» **Problem**:
Reproduce word for word the lines between the one containing "This paper investigates" and the end of the entries below, both inclusive; leave out pictures.

Exercise data START

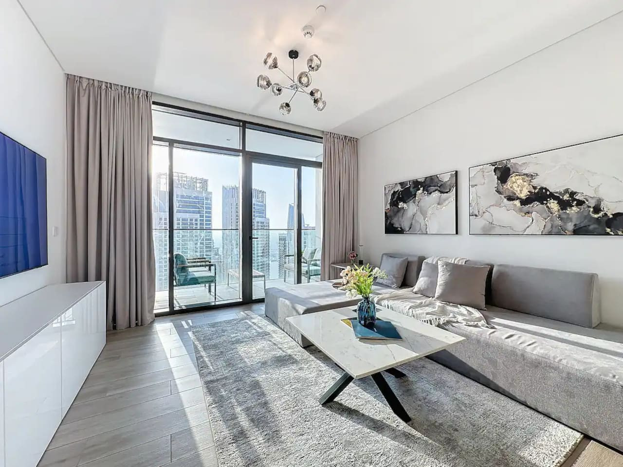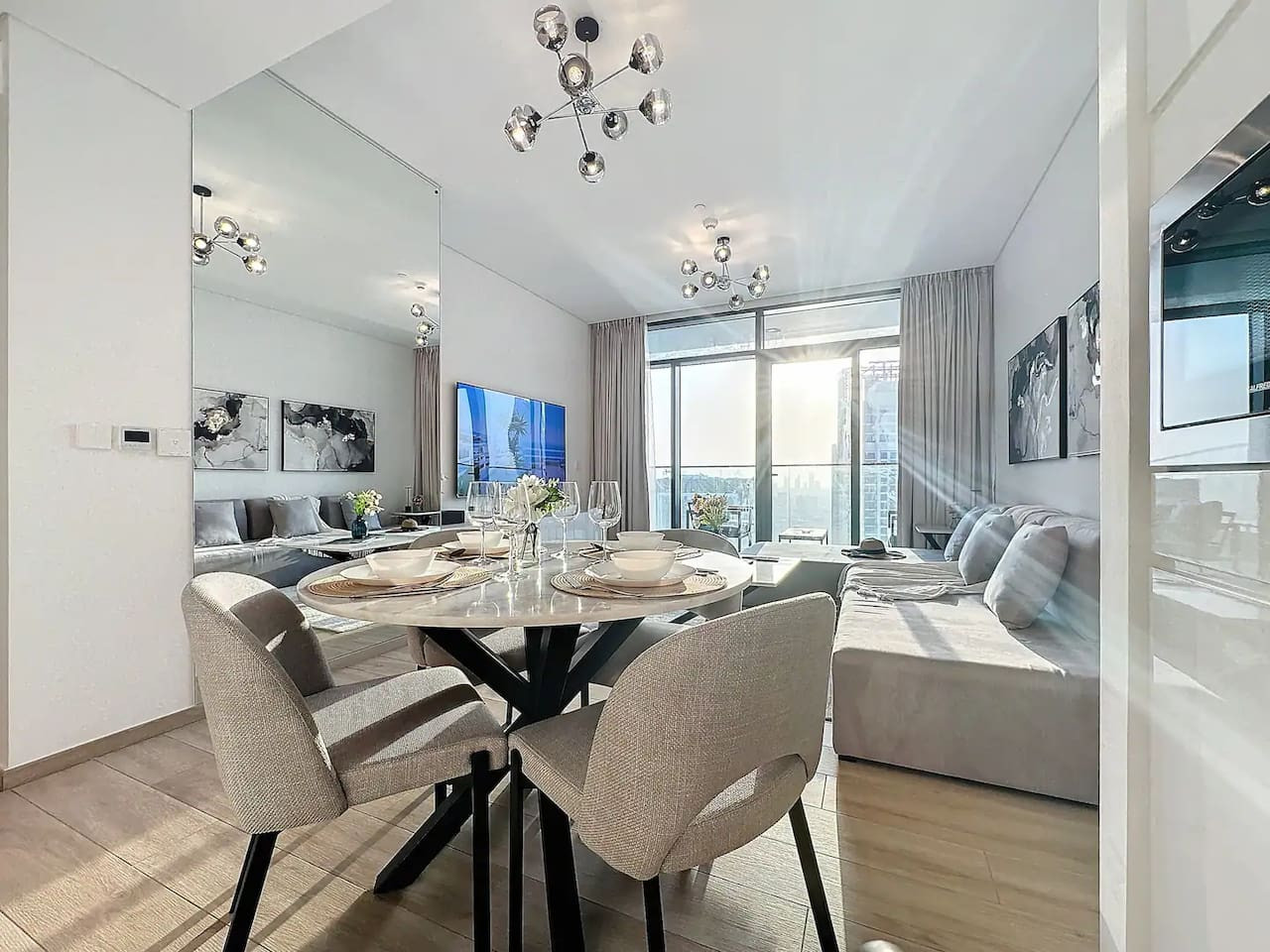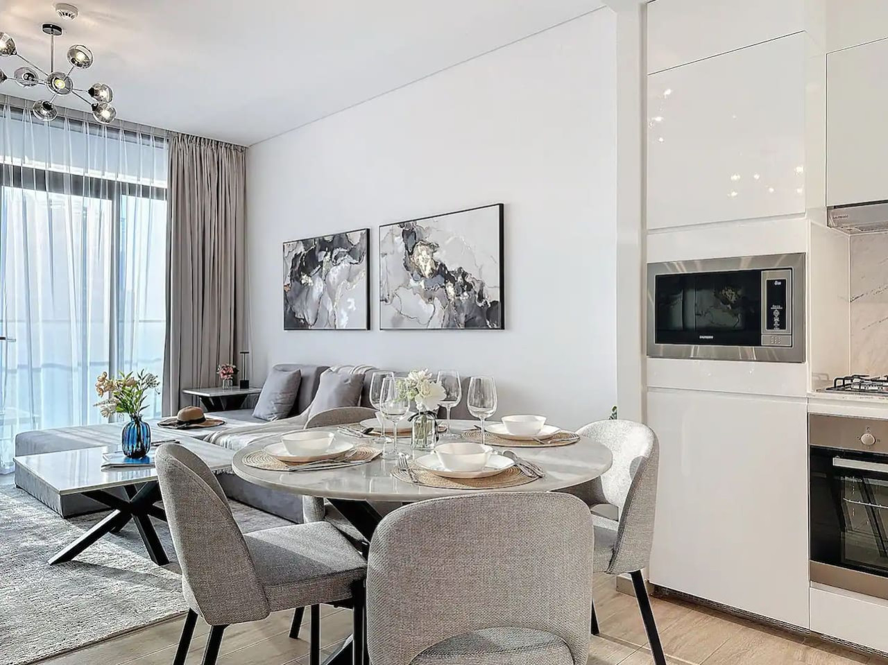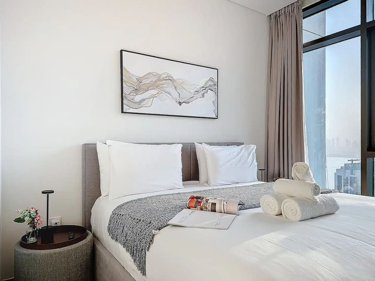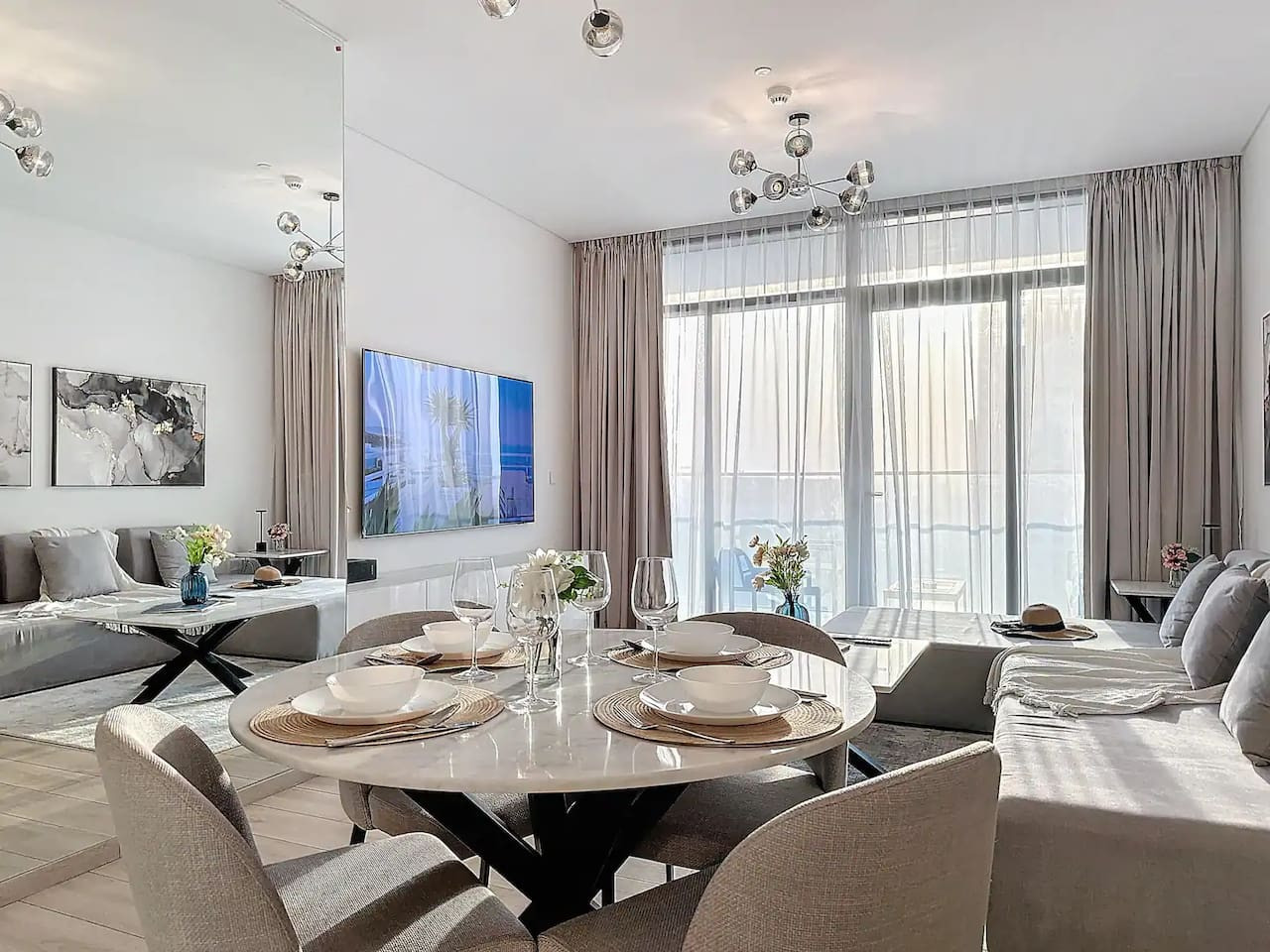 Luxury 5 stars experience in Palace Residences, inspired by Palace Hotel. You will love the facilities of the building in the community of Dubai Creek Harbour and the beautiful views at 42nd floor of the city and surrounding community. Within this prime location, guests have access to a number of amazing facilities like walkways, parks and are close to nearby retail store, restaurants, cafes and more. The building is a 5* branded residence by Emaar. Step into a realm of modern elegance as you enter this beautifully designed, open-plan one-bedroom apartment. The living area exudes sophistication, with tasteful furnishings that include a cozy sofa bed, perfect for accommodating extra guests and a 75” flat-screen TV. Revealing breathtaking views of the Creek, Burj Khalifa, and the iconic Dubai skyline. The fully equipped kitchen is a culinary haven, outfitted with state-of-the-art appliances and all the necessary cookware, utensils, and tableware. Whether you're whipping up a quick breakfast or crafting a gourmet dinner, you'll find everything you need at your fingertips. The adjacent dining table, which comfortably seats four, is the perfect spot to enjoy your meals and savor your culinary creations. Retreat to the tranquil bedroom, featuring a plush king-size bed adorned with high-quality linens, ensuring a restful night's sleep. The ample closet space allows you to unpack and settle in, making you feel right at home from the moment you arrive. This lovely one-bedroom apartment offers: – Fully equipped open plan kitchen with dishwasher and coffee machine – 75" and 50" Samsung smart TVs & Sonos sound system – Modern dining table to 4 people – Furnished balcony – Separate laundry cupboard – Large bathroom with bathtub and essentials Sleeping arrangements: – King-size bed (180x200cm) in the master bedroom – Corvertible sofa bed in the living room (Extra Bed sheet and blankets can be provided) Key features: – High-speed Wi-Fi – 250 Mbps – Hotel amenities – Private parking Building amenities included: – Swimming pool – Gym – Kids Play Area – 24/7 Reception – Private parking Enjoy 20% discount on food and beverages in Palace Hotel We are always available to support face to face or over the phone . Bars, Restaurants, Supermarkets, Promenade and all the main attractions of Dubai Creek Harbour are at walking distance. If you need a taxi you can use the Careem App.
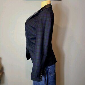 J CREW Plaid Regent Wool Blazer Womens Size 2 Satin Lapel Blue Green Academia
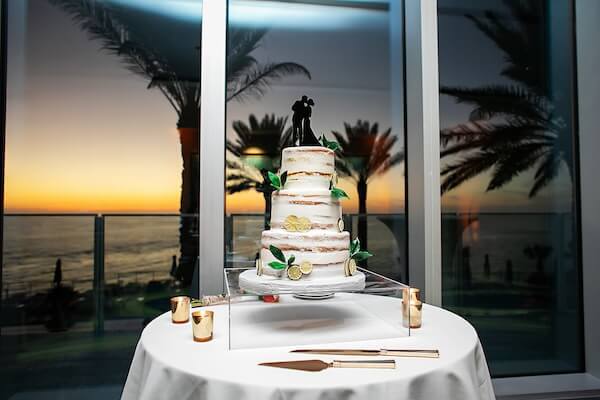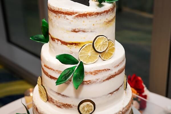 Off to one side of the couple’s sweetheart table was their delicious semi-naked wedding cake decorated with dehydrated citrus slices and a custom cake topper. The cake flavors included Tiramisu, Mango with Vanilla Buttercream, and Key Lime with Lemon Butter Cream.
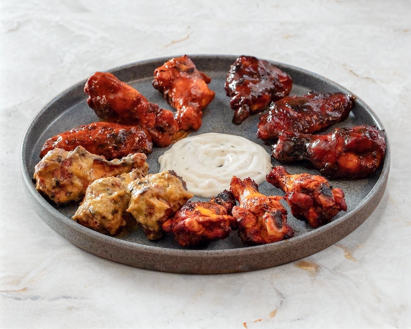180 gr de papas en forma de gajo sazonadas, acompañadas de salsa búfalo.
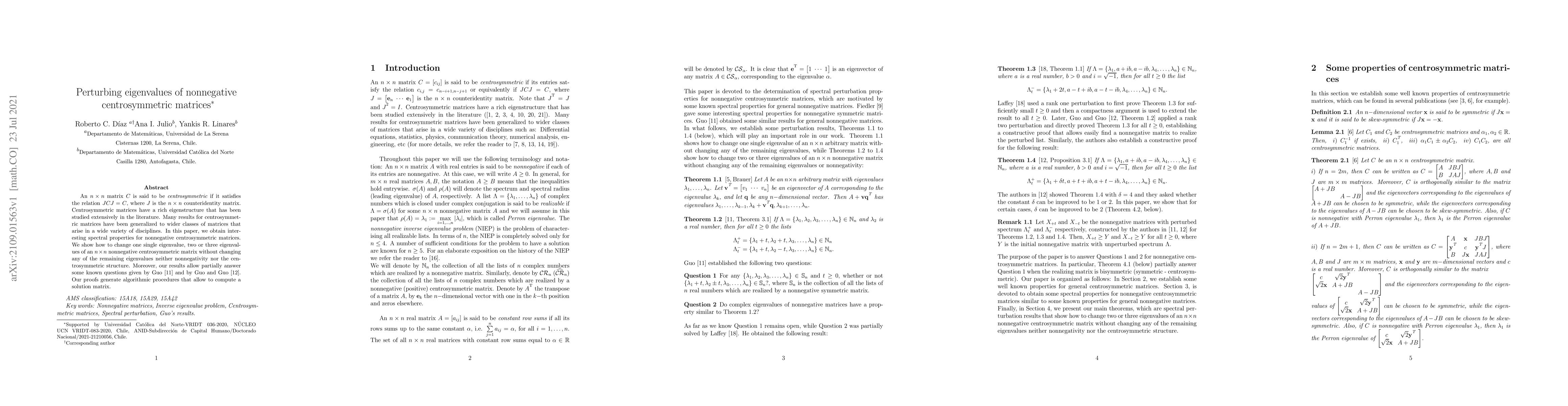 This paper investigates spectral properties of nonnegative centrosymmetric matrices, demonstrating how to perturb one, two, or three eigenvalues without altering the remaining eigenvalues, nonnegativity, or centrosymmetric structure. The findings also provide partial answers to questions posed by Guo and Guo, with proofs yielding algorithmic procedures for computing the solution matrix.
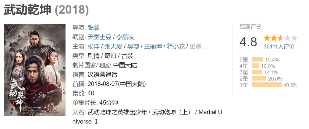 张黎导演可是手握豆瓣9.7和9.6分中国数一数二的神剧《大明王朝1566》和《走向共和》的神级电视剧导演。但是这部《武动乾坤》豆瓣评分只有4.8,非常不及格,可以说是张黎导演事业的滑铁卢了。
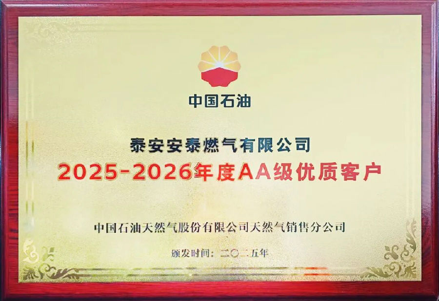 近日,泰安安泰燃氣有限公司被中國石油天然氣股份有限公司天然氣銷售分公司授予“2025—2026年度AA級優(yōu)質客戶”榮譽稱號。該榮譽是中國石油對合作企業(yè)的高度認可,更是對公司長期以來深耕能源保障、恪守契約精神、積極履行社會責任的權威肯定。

Exercise data END

» **Your solution**:
 This paper investigates spectral properties of nonnegative centrosymmetric matrices, demonstrating how to perturb one, two, or three eigenvalues without altering the remaining eigenvalues, nonnegativity, or centrosymmetric structure. The findings also provide partial answers to questions posed by Guo and Guo, with proofs yielding algorithmic procedures for computing the solution matrix.
 张黎导演可是手握豆瓣9.7和9.6分中国数一数二的神剧《大明王朝1566》和《走向共和》的神级电视剧导演。但是这部《武动乾坤》豆瓣评分只有4.8,非常不及格,可以说是张黎导演事业的滑铁卢了。
 近日,泰安安泰燃氣有限公司被中國石油天然氣股份有限公司天然氣銷售分公司授予“2025—2026年度AA級優(yōu)質客戶”榮譽稱號。該榮譽是中國石油對合作企業(yè)的高度認可,更是對公司長期以來深耕能源保障、恪守契約精神、積極履行社會責任的權威肯定。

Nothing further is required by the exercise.